A couple of large client projects we are working on at the moment have had me thinking about a tricky issue that rears its head in enterprise SEO projects especially. When large clients are making extensive website changes, our experience is that the section entitled '301 redirects' is inevitably the section that gets read quickly and then quietly shuffled out of scope. We have found we have to push hard to get large businesses to see the importance of permanent redirects.

We are currently working on two projects where we have been forced to think about the cheapest, most efficient ways of putting redirects in place on high-traffic websites:

  1. In helping with the relaunch of a newspaper website, we pushed hard enough for pretty serious changes to the scope in order to have 301 redirects for all old pages brought in-scope for the launch date
  2. While thinking about the migration of a large subsection of a Fortune 100 company's website, we discovered that they didn't have the resources to carry out the migration and build redirects from the old section

In the first case, the developers were on a very tight schedule and solving scaling issues with a clever mix of standard frameworks, content delivery networks (CDNs) and javascript for some personalisation. In the second case, we (half-jokingly) considered suggesting that the client point the old sub-domain at our servers and we would build the redirection engine (which would have similar scaling issues).
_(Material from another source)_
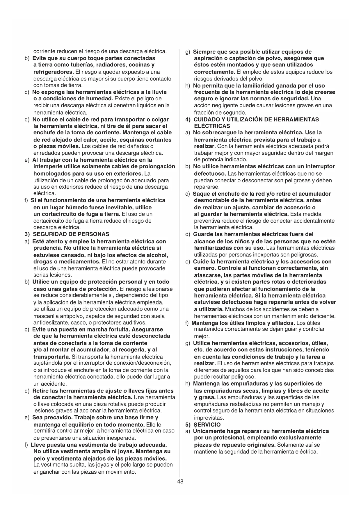 ELÉCTRICAS a) No sobrecargue la herramienta eléctrica. Use la herramienta eléctrica prevista para el trabajo a realizar. Con la herramienta eléctrica adecuada podrá trabajar mejor y con mayor seguridad dentro del margen de potencia indicado. b) No utilice herramientas eléctricas con un interruptor defectuoso. Las herramientas eléctricas que no se puedan conectar o desconectar son peligrosas y deben repararse. c) Saque el enchufe de la red y/o retire el acumulador desmontable de la herramienta eléctrica, antes de realizar un ajuste, cambiar de accesorio o al guardar la herramienta eléctrica. Esta medida preventiva reduce el riesgo de conectar accidentalmente la herramienta eléctrica. d) Guarde las herramientas eléctricas fuera del alcance de los niños y de las personas que no estén familiarizadas con su uso. Las herramientas eléctricas utilizadas por personas inexpertas son peligrosas. e) Cuide la herramienta eléctrica y los accesorios con esmero. Controle si funcionan correctamente, sin atascarse, las partes móviles de la herramienta eléctrica, y si existen partes rotas o deterioradas que pudieran afectar al funcionamiento de la herramienta eléctrica. Si la herramienta eléctrica estuviese defectuosa haga repararla antes de volver a utilizarla. Muchos de los accidentes se deben a herramientas eléctricas con un mantenimiento deciente. f) Mantenga los útiles limpios y alados. Los útiles mantenidos correctamente se dejan guiar y controlar mejor. g) Utilice herramientas eléctricas, accesorios, útiles, etc. de acuerdo con estas instrucciones, teniendo en cuenta las condiciones de trabajo y la tarea a realizar. El uso de herramientas eléctricas para trabajos diferentes de aquellos para los que han sido concebidas puede resultar peligroso. h) Mantenga las empuñaduras y las supercies de las empuñaduras secas, limpias y libres de aceite y grasa. Las empuñaduras y las supercies de las empuñaduras resbaladizas no permiten un manejo y control seguro de la herramienta eléctrica en situaciones imprevistas.

The problem with all of this is the lack of caching solutions for redirections. Each step in the cache sequence is poorly-designed for caching anything other than pages of HTML.

Before I get into the details, a very quick CDN primer. For high-availability websites, or those delivering large amounts of video / streaming content, the task of making a website is a separate task from making it available everywhere to everyone who needs it. CDNs attempt to abstract this problem and offer a bolt-on front end for content delivery independent of the beefiness of the underlying servers. Effectively what happens is that a company makes their website available to the CDN, who then replicate it and serve it to users - giving the ability to scale to millions of users without changes to the underlying hosting. Duncan wrote an article a while ago about some of the issues this can cause from an SEO perspective when they geo-deliver content to serve users from local servers.
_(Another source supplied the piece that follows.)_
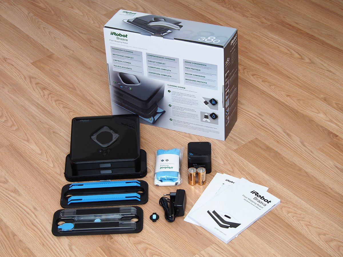 A robothoz a gyártó nem mellékel dokkolót, tartólapot, távirányítót, virtuális falat és szállító táskát sem, de egy gyors töltő dokkoló opcionálisan vásárolható hozzá, amivel a töltés a normál 4 óra helyett 2 órára rövidíthető. Az Észak Amerikában forgalmazott Braava 380t modell ezt a dokkolót is tartalmazza, de ezt és a töltő adapterét leszámítva teljesen azonos az általunk bemutatott Braava 380 robottal.

How CDNs Break SEO Efforts

We have discovered over the past week that (at least some) CDNs only cache "200 OK"-status HTML pages. This means that the CDN is not much use when a massive architecture change takes place because (in the SEO-friendly case) there will be a large volume of 301 redirects to serve from your tiny root server, or (as seems to be more likely) there will be a lot of 404 errors where the CDN thinks there is no page because it hasn't cached a 200-status page. The end result is a failure to serve 301 redirects.

It makes some sense for this to happen - you can certainly see how the requirements for a CDN would include caching only successfully-delivered pages and checking with the base server about every error status (especially during roll-out, you would hope that 404 errors would be gradually caught and fixed and you want these fixes reflected in the CDN-delivered version - via tracking 404 error pages in Google Analytics for example). It is relatively easy to see how this evolves into refusing to cache any non-200 status pages, but this is definitely not ideal for SEO purposes.

It is even worse than this though - because as you look at most of the caching solutions built into major frameworks, you realise most of these are poorly-designed for caching redirects as well. Whenever a request for a non-existent page is made, not only does it miss the cache, but it typically cascades all the way up the stack until there is an authoritative "nope, definitely doesn't exist" (or "permanently redirected over there") response which involves quite a few database queries.

When you are talking about redirects on this scale, you are inevitably talking about serving them from a database-driven CMS - while apache can be quick at hard-coded redirects, config changes are never going to be the answer for large-scale architecture changes. At the very least in these scenarios, you are going to want rules-based redirection (and the thought of doing it with regular expressions within apache configs gives me a cold sweat).

So, while we aren't (yet) needing to specify the system that could handle millions of visitors all seeking non-existent pages (that would be needed to host the soon-to-be-defunct sub-domain described above), it has got us thinking.

Does anyone know of a good way of caching non-200 status-code pages as efficiently as the systems for caching successfully-delivered HTML pages?

In the meantime, hopefully our story will give you a moment's pause for thought to realise what needs to be done to bring the one-line specification "permanently redirect all old pages to their new equivalents" to life on large complex systems delivered via frameworks and over CDNs.